"The question of abortion is something very intimate, very private to a woman. Only she should decide whether to continue her pregnancy to term, or to end it by abortion. No one else, and certainly not the government, should tell a woman what to do. She alone should decide. Hence abortion should be legal."
There is certainly something very intimate in the relation between a woman and the child she is carrying. The child is hers, entrusted to her, residing in her, nourished by her, protected by her. And it is a terrible evil if someone comes from the outside to interfere with this relationship destructively. It is abortion, not the prohibition of it, that violates the intimate realm of a woman who is pregnant. It is abortion that intrudes into this beautiful sanctuary, where a small, innocent, defenseless child is nestled and protected. Abortion sunders the beautiful and natural relation that exists between woman and child by violently tearing the child out, brutally killing him in the process.
That the woman herself requests the abortion in no way nullifies this point. It is objectively a violent sundering of this natural, intimate relationship. By her abortion she becomes a part of this terrible evil, and often suffers from it as the second victim.

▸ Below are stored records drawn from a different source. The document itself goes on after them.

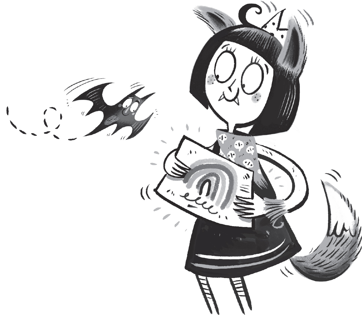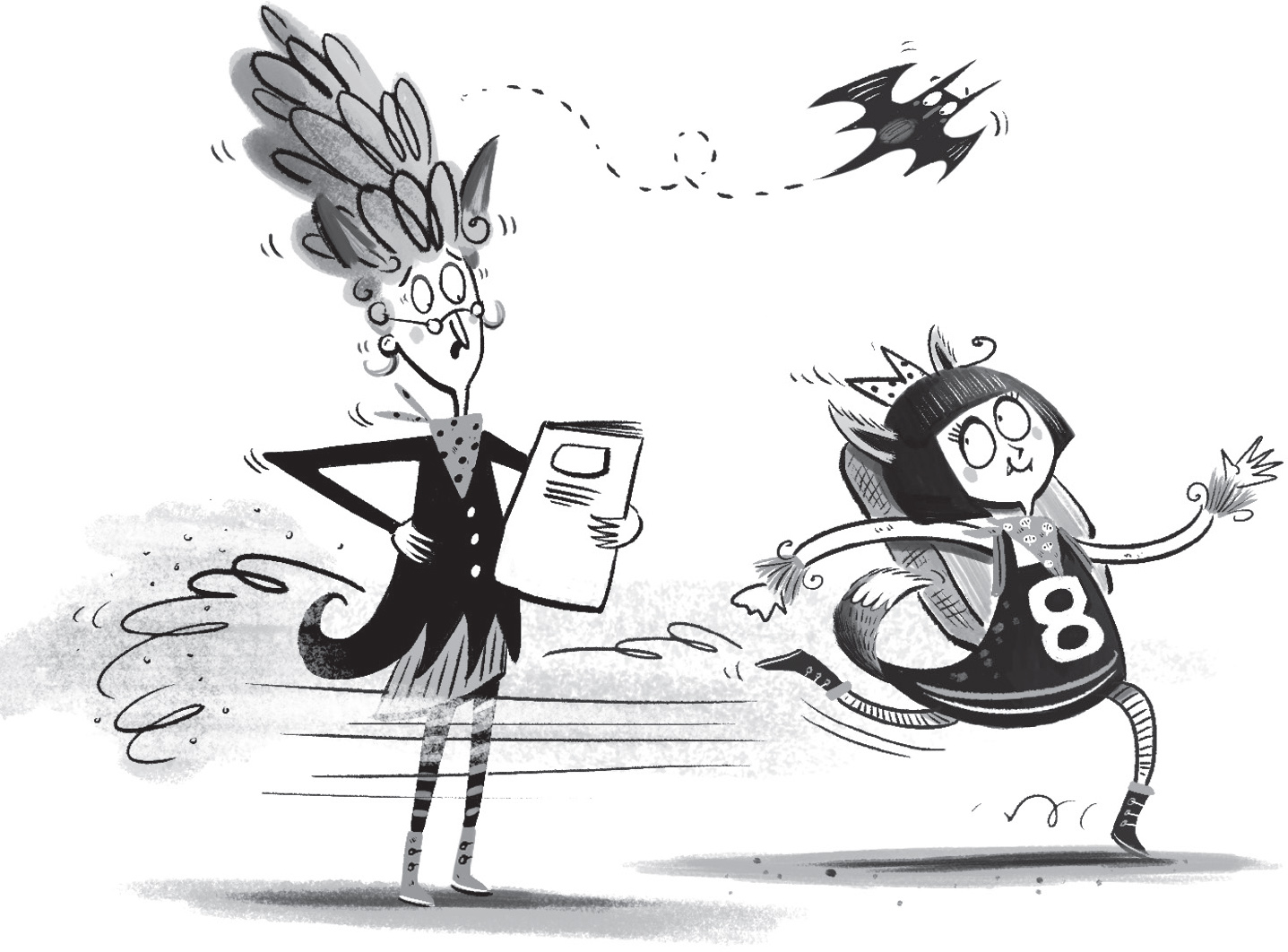 Lottie looked at the clock, gasped and jumped to her feet. ‘Oh, no! I’m going to be late!’ And next minute she was rushing out of the door. Jaws, her bat, was dozing on the top of a picture; he woke up with a jump and flew after her, only just managing to whizz through the door before it shut.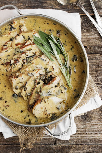 Pork loin (or tenderloins) cooked on the stove-top with wine and herbs, then sliced and served with a delicious, lightly creamy gravy. If using a pork loin roast, look for one with a little bit of fat. For pork tenderloins, be sure to trim the silverskin before cooking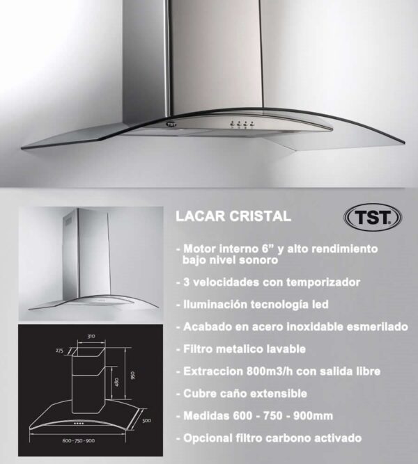 Campana De Cocina Acero Inoxidable Tst Lacar 60 Cm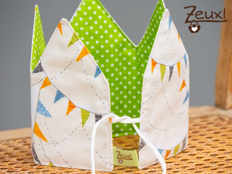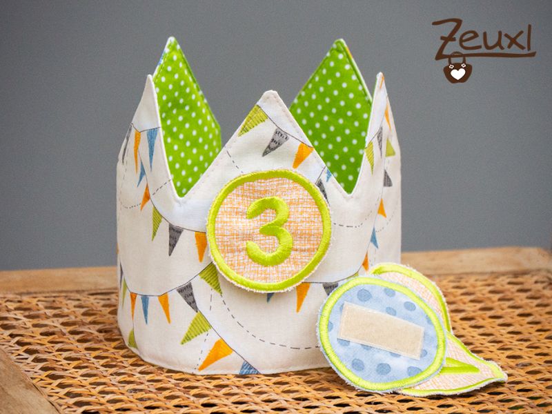 Kürzlich hatte ich schon einmal eine Geburtstagskrone (hier) genäht und verschenkt. So verwendete ich auch diesmal wieder den Schnitt vom BERNINA Blog. Ich versuchte relativ neutrale Stoffe zu verwenden, da die Krone für Mädchen und Jungs im Alter von 3 bis 6 Jahren passen sollte. Der Wimpelstoff passt perfekt zum Geburtstag finde ich und Punkte gehen sowieso immer.

Yes, there is something private and intimate that we should protect: the child. Abortion is a violation of the child's privacy, an intrusion into what is intimate for him, his own person. The methods of abortion and the pain they cause are a violation of intimacy and privacy.
Thus the appeal to intimacy and privacy, insofar as it is valid and reasonable, means forbidding abortions. The child's right to live, not to be killed, especially by the painful methods of abortion, that right surely outweighs anyone's claim to a right to privacy. And the state must protect that right, just as it protects other civil rights.
Many of these objections rest on the idea that abortion is private to the woman, where no one else should interfere. It is not. It involves another human person, the child, who is killed by this act. It involves other people as well. The family structure, human relations, and other children may be adversely affected by abortion. Noonan outlines the many ways in which abortion affects society at large:
Each act of abortion is, by declaration of the Supreme Court of the United States, a private decision. Yet each act of abortion bears on the structure of marriage and the family, the role and duties of parents, the limitations of the paternal part in procreation, and the virtues that characterize a mother. Each act of abortion bears on the orientation and responsibilities of the obstetrician, the nurse, the hospital administrator, and the hospital trustee. The acceptance of abortion affects the professor and student of medicine and the professor and student of law. In the United States, abortion on a large scale requires the participation of the federal and state governments.